The Syrian Crisis


You are living in a tent. You have just enough food and water to keep you and your family members alive. Around you, people are dying every day because they don’t have access to medicine or physicians. Your living conditions are cramped, even shoulder to shoulder at times. Privacy is something accessible only in your most peaceful dreams, but lately your troubled mind has dreamt solely of the hardships of your family and friends. Will they be safe? Will they survive the coming winter? You stay because the alternative is unthinkable- death, or worse. For years now, you have lived like this. You are a Syrian refugee and this is desperation.

Since the start of Syria’s violent civil war in 2011, the United States has accepted barely more than two thousand of the nearly four million Syrians living in refugee camps (even more haven’t made it to the camps or are struggling in homes and barns with no electricity or running water) in the Turkey, Jordan and Lebanon areas. More than half of those refugees are under the age of eighteen, in other words, children. Malnourishment, and serious medical conditions are predominant among those too young to properly take care of themselves and the displaced Syrian youth are at constant risk of becoming gravely ill because they do not have access to appropriate medical care or a steady diet. Winter is quickly approaching, adding yet another threat to the lives of refugees and their families but still we approach this issue with incredible trepidation and apathy.

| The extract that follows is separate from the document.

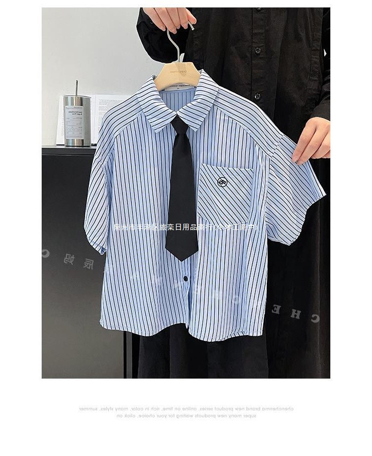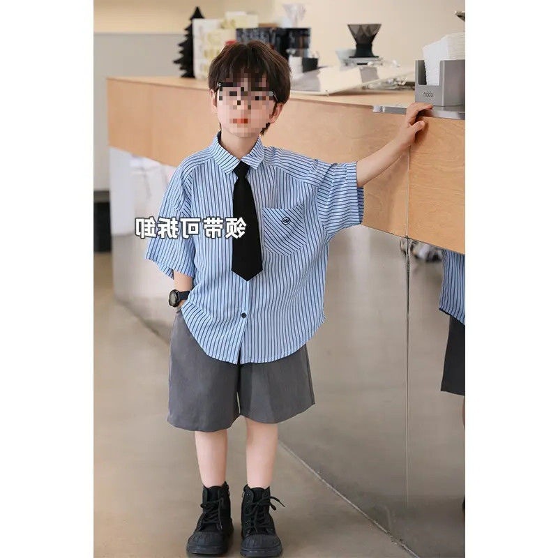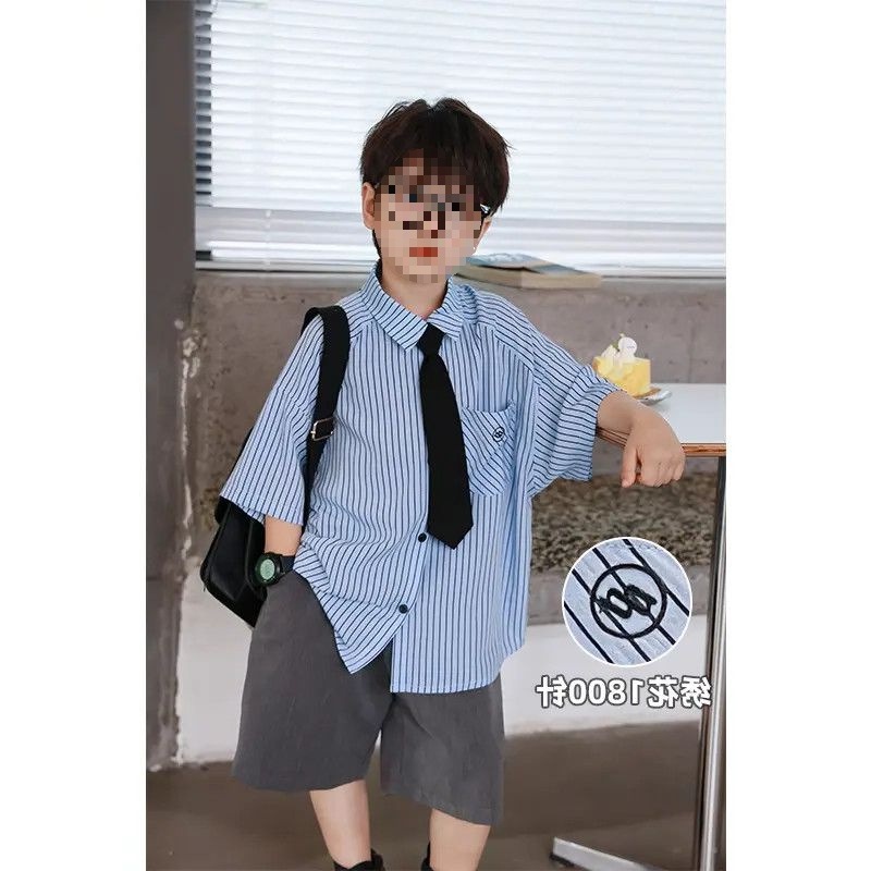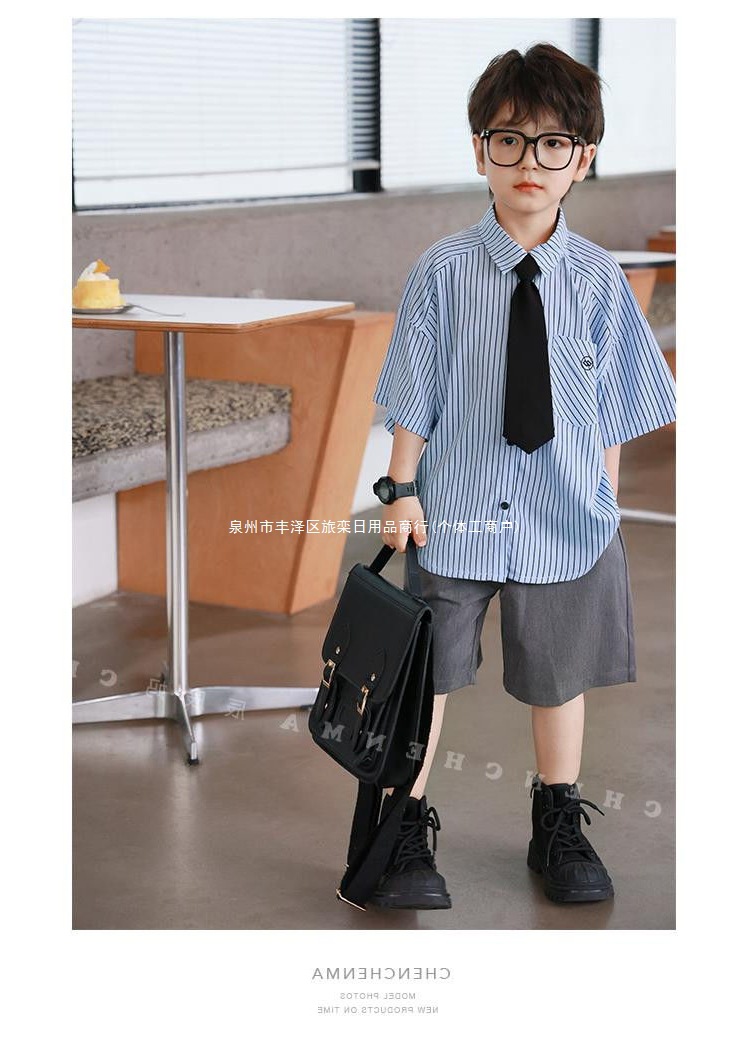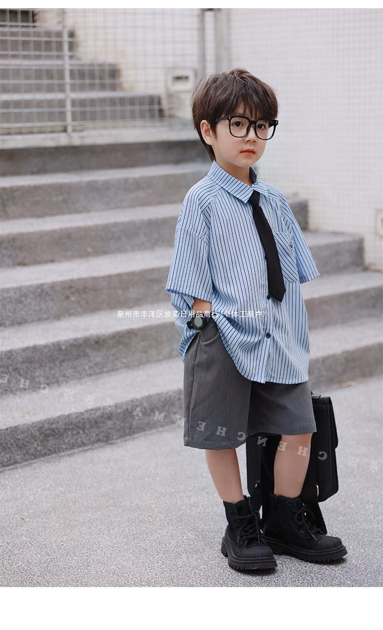 Blue stripes short-sleeved gray shorts tie, high quality anti-wrinkle and cool
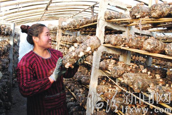 臨汾新聞網(wǎng)訊 曲沃縣綠康源香菇有限公司是一家集種植、銷售、深加工為一體的現(xiàn)代農(nóng)業(yè)產(chǎn)業(yè)化示范企業(yè)。目前,該企業(yè)投資1000余萬元,采用新型鋼架結(jié)構(gòu)進(jìn)行香菇栽培,現(xiàn)已投產(chǎn)50余畝,年可產(chǎn)香菇1000余噸,解決農(nóng)村剩余勞動(dòng)力100余人。圖為工人正在采摘香菇。 張榮 攝

My opposition believes that if we simply ignore these broken people or turn them away and send them home, somebody else will solve the problem. The United States that I know has never been a meek and fearful country, unwilling to provide assistance for those who need it. We have been proud leaders and fought bravely and vocally for causes we believed to be just and true, yet for years we have let Syrian mothers and their children languish in unfathomable conditions.

Misinformation largely accounts for the hesitation we feel in helping Syrian refugees. Mr. Trump, Mr. Carson and Mrs. Fiorina have all individually claimed that we, as a nation, will be accepting one hundred thousand or more of these desperate individuals, when in fact this is not true. American law dictates that our administration can only accept ten thousand Syrians in the 2016 fiscal year and no more. Even if we accepted the given maximum amount allowed, it would even then be little more than a symbolic gesture compared to the likes of Germany, who has accepted hundreds of thousands over the last few months or even Canada, who plans to accept twenty five thousand over the next year.

Mr. Trump and others have also claimed that many of the displaced Syrians are males of fighting age although this too is untrue. As of yet, a mere two percent of the Syrian refugees allowed into the United States have been single males of fighting age (the rest are families, mostly comprised of women and children) and this trend is very likely to continue, especially after weighing potential risk factors.

Republican fear tactics and a Democratic unwillingness to confront them has kept much of our population in the dark about many important factors of our foreign policy concerning the current Syrian crisis. The fact is, our great nations vetting process is among the most thorough in the world. We have very little reason to fear the women and children that will be placed throughout the nation and I, for one, will be ashamed if they continue to be left behind. I am American and I believe in assisting those in need while continuing to stand strong against any potential threats. I believe that both of our current parties have drifted from that belief and that is why I run as an independent. Voting for Art Drew is voting for strength and compassion. Not one or the other.